For this exercise, output the entries below exactly from the line that holds "De Amerikanen maakten" to the line that holds "Dass das b[r]g", both ends included. No pictures belong in the copy.
**** EXERCISE INPUTS
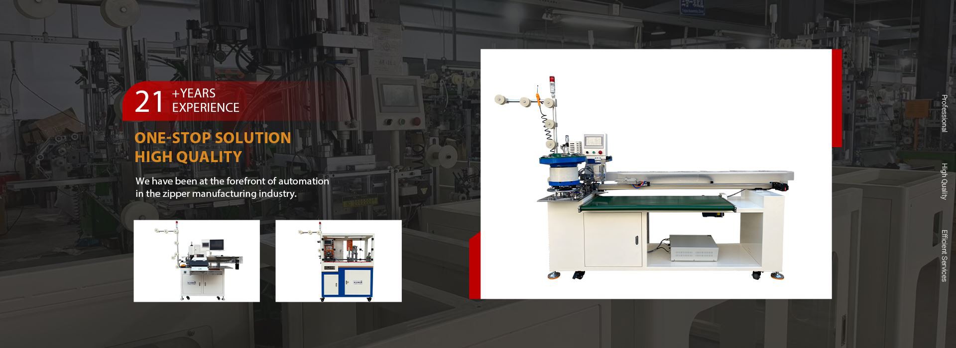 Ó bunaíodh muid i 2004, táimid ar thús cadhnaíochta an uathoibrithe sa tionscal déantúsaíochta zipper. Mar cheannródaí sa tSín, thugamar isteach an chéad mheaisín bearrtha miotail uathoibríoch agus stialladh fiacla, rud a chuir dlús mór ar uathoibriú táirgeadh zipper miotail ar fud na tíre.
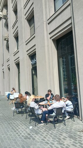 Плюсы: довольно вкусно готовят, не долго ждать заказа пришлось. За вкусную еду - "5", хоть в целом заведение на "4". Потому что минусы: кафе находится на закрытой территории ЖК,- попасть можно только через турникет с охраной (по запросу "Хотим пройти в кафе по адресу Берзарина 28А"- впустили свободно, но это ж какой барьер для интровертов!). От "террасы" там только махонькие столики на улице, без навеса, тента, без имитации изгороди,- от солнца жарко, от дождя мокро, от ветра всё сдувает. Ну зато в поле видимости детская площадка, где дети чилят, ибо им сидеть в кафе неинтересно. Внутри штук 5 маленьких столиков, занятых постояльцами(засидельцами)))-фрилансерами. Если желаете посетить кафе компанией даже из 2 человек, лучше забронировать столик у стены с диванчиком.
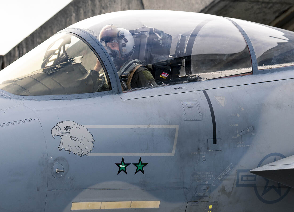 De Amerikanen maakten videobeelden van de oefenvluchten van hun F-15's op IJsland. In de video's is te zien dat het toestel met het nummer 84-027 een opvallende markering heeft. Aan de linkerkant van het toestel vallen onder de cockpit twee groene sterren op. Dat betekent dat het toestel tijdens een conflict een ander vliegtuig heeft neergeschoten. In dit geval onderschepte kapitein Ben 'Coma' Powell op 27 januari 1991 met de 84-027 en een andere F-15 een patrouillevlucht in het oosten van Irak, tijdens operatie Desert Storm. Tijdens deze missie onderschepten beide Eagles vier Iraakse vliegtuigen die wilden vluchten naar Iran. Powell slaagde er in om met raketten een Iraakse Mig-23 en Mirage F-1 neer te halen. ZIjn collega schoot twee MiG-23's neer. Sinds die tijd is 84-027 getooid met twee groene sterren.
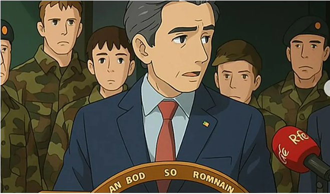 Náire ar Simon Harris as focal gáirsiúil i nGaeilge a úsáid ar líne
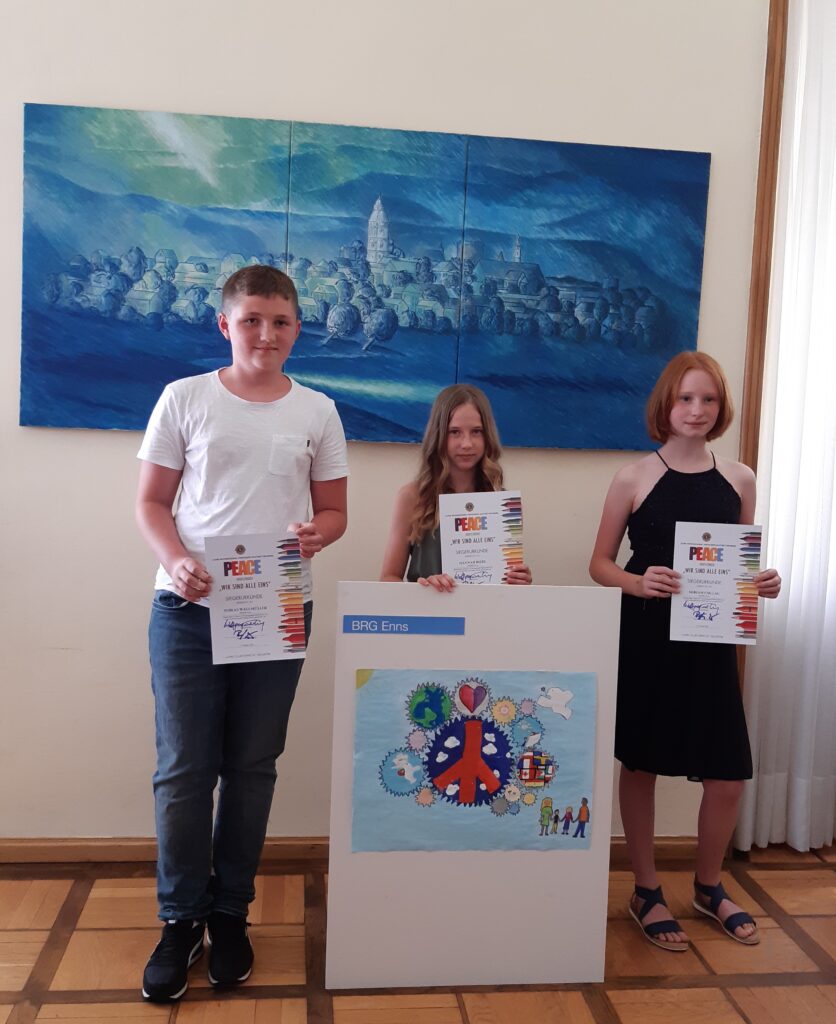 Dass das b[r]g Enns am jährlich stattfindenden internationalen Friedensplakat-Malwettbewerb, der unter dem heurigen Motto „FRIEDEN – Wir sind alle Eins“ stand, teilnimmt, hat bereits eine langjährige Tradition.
********
**** EXERCISE INPUTS
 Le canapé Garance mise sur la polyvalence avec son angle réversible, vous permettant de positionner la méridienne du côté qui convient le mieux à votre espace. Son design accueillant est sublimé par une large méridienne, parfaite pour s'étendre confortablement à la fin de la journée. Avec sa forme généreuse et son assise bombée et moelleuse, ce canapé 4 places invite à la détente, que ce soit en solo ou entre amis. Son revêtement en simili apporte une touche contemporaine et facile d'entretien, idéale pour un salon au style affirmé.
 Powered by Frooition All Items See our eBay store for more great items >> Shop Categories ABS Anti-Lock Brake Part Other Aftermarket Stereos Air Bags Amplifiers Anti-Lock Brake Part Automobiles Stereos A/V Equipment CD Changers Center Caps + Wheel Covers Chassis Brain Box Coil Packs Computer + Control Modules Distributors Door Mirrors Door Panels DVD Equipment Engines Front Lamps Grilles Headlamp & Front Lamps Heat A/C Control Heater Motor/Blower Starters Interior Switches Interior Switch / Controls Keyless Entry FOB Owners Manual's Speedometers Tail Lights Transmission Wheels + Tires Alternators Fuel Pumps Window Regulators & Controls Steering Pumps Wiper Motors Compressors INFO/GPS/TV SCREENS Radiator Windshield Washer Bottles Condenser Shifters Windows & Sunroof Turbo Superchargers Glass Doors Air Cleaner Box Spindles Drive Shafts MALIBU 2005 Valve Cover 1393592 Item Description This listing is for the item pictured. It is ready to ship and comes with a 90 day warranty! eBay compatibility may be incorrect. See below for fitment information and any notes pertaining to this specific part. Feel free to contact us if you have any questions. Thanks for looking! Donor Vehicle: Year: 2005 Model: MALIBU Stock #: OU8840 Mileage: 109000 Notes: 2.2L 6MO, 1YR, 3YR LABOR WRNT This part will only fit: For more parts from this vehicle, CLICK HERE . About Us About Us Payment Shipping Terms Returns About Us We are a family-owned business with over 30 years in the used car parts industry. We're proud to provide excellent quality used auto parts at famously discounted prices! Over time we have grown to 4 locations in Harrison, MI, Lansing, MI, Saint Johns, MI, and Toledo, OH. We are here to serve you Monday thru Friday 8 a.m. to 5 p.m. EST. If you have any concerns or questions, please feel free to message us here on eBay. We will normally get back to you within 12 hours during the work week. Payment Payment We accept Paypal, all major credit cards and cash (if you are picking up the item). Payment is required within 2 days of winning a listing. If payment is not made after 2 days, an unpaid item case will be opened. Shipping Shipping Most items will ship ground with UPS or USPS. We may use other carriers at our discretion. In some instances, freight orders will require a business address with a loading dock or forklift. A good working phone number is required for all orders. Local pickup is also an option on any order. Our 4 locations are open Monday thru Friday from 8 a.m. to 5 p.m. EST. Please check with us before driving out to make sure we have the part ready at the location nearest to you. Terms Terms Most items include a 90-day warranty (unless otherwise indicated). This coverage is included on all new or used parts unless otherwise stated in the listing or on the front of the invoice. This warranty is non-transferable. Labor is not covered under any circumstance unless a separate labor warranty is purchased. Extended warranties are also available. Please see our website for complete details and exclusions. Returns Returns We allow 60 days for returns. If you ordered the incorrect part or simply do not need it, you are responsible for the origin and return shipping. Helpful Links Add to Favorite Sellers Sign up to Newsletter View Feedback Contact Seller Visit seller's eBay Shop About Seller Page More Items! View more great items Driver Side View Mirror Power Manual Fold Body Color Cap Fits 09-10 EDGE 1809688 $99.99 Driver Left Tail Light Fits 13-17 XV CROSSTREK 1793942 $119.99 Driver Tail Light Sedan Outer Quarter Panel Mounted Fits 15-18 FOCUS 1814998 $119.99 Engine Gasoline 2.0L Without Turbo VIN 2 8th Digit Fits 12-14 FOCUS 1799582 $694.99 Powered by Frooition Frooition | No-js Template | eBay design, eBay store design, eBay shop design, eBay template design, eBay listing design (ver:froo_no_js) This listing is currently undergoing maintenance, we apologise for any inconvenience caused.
********
COMPLETED TASK:
 De Amerikanen maakten videobeelden van de oefenvluchten van hun F-15's op IJsland. In de video's is te zien dat het toestel met het nummer 84-027 een opvallende markering heeft. Aan de linkerkant van het toestel vallen onder de cockpit twee groene sterren op. Dat betekent dat het toestel tijdens een conflict een ander vliegtuig heeft neergeschoten. In dit geval onderschepte kapitein Ben 'Coma' Powell op 27 januari 1991 met de 84-027 en een andere F-15 een patrouillevlucht in het oosten van Irak, tijdens operatie Desert Storm. Tijdens deze missie onderschepten beide Eagles vier Iraakse vliegtuigen die wilden vluchten naar Iran. Powell slaagde er in om met raketten een Iraakse Mig-23 en Mirage F-1 neer te halen. ZIjn collega schoot twee MiG-23's neer. Sinds die tijd is 84-027 getooid met twee groene sterren.
 Náire ar Simon Harris as focal gáirsiúil i nGaeilge a úsáid ar líne
 Dass das b[r]g Enns am jährlich stattfindenden internationalen Friedensplakat-Malwettbewerb, der unter dem heurigen Motto „FRIEDEN – Wir sind alle Eins“ stand, teilnimmt, hat bereits eine langjährige Tradition.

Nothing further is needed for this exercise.